These have been such difficult months. Prior to last October I knew I was disabled, I’d had to wear a “Fall Pendant” since 2019 and have had to “push my button” to call EMT’s to come help me up and in the house when I fell in the garden and couldn’t get up at all. It happened once before but this time that fall was the end of my ability to garden after a lifetime of designing, planting, and writing about cottage gardens and gardening in general. My heart was absolutely broken. But in October I took a bad fall in my kitchen, my knee went straight down hard on my tile floor, and that injury has crippled me for life. I can barely get out of a chair, I have difficulty getting around my house, and I leave my house almost not at all. Only for doctor’s appointments where they help me in and out with my rollator walker, and the occasional vet visit for Molly where the vet tech comes out and gets her and I sit in my car and wait. I can drive but it is excruciating getting in and out of the car due to what my doctor deemed at my last visit likely lifelong chronic pain. It has all been a blow in a thousand directions and has left me feeling, more than ever before, fragile, vulnerable, and frightened. How then do I cope and try to manage the most productive life possible?

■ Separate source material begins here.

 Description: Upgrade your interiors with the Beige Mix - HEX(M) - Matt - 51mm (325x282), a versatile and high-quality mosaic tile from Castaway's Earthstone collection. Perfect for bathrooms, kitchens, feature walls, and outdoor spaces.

First of all I manage by practicing what people today call Radical Self Care. I’m not talking about getting a mani-pedi, lovely though they are those days are long over for me. I’m talking about having to think through every single thing I do to map the steps I take in my own house. No thoughtless flitting about. Every move, every step, is carefully calculated, thoughtfully planned, and it all takes time. It is so painful for me to get up out of a chair I usually have to sit for a minute and just breathe, and calm myself, and then grin and bear it. And then I am unsteady and I grab onto things so I won’t fall. And now my rollator walker lives in my kitchen. I have to sit in it in the morning while I make my coffee because I can’t stand up that long at the counter. The rollator has a sturdy seat and I can stand up here and there and then just sit while I do things, and a great many things I just can’t do at all anymore. But, there are things I can do and that’s what I focus on. And I cradle my heart gently and allow myself to cry when the losses seem too much to bear, and the pain is really bad.

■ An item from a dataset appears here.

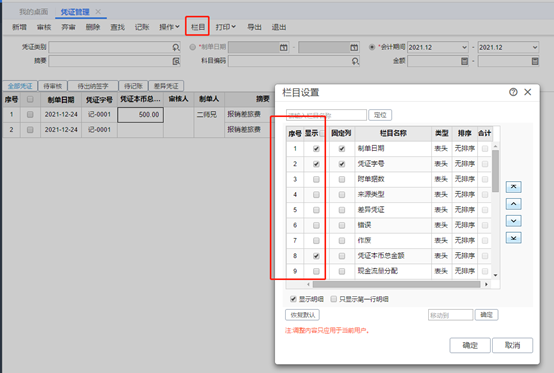 憑證輸出 若是想要輸出序時賬,可以在憑證管理界面的欄目里選擇要顯示的內(nèi)容,最后導(dǎo)出成excel。

I focus on things I can do… and they are many. My life is almost completely compromised of writing, drawing and painting, and resting frequently. And slow. Everything is slow. I am learning to love living my way slowly through each day, through this life. As I drew, with pen and ink, and painted, with watercolor, the above picture my heart kind of broke open to a very soft place, and I got tears in my eyes. And as I drew these words came into my mind and I jotted them down on the facing page in my sketchbook as I worked…
Each line,
Each stroke,
Each curve of a letter,
matters…
[So too our lives, each moment, each tiny thing.]

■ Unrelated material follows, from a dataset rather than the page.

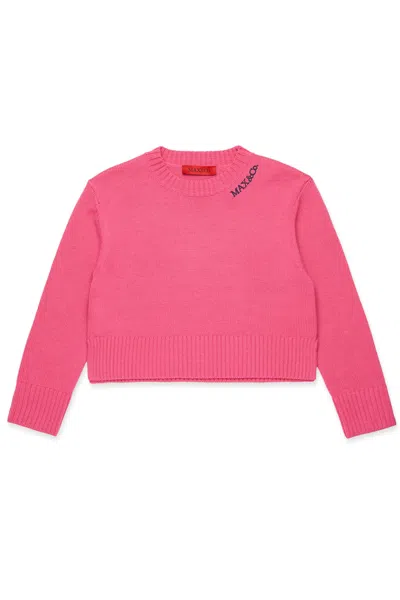 Kids' Wool Blend Pullover With Embroidered Logo In Pink

The thing about growing older and becoming increasingly disabled is that while at first you fight it, and are so depressed you can barely see your way out of the dark place it feels your life has become, eventually you begin to relax a little, and notice things you never noticed before, or see them as if for the first time. I have always had a lot of bird feeders for example, and enjoyed looking out through my studio windows where the feeders hang just the other side. I would glance up now and again and smile to see them so close. Now, I sit gazing at them for long periods of time, my breathing slows, and I find myself in a meditative state, and in that state slowly, ever so slowly, thoughts float into my mind like koi swimming in a pond, and I watch from my inner mind with my eyes now closed and so many thoughts arise… the next drawing, the new way to structure my book, what I want to write next, my new grandbaby’s sweet smile, my darling Molly who is a rescue animal for me. I have to take medication to sleep, and if I have to go potty in the night and haven’t woken up yet Molly will stand on my chest and gently bump my nose with hers. She’s a wee tiny girl, a chihuahua/corgi mix, and she sleeps with me and spends a good bit of the day in my lap. She is my little guardian angel.
I am moving slowly now, more slowly than ever before, and I am seeing things I never would have had I not come to this place. As in all of life there are losses and gains, they will each come, in their measure, and their time, and the only way to really cope is to look for the gains in the losses. I am beginning to see them, and it is helping me relax into this new reality. And I cradle my heart, ever so gently, and carry it wherever I go, 2 steps here, 4 steps there, then sit, then sleep, then kiss Molly, then I pick up my dip pen and bottle of ink and I draw. I am drawing a new life for myself. What a gift it is.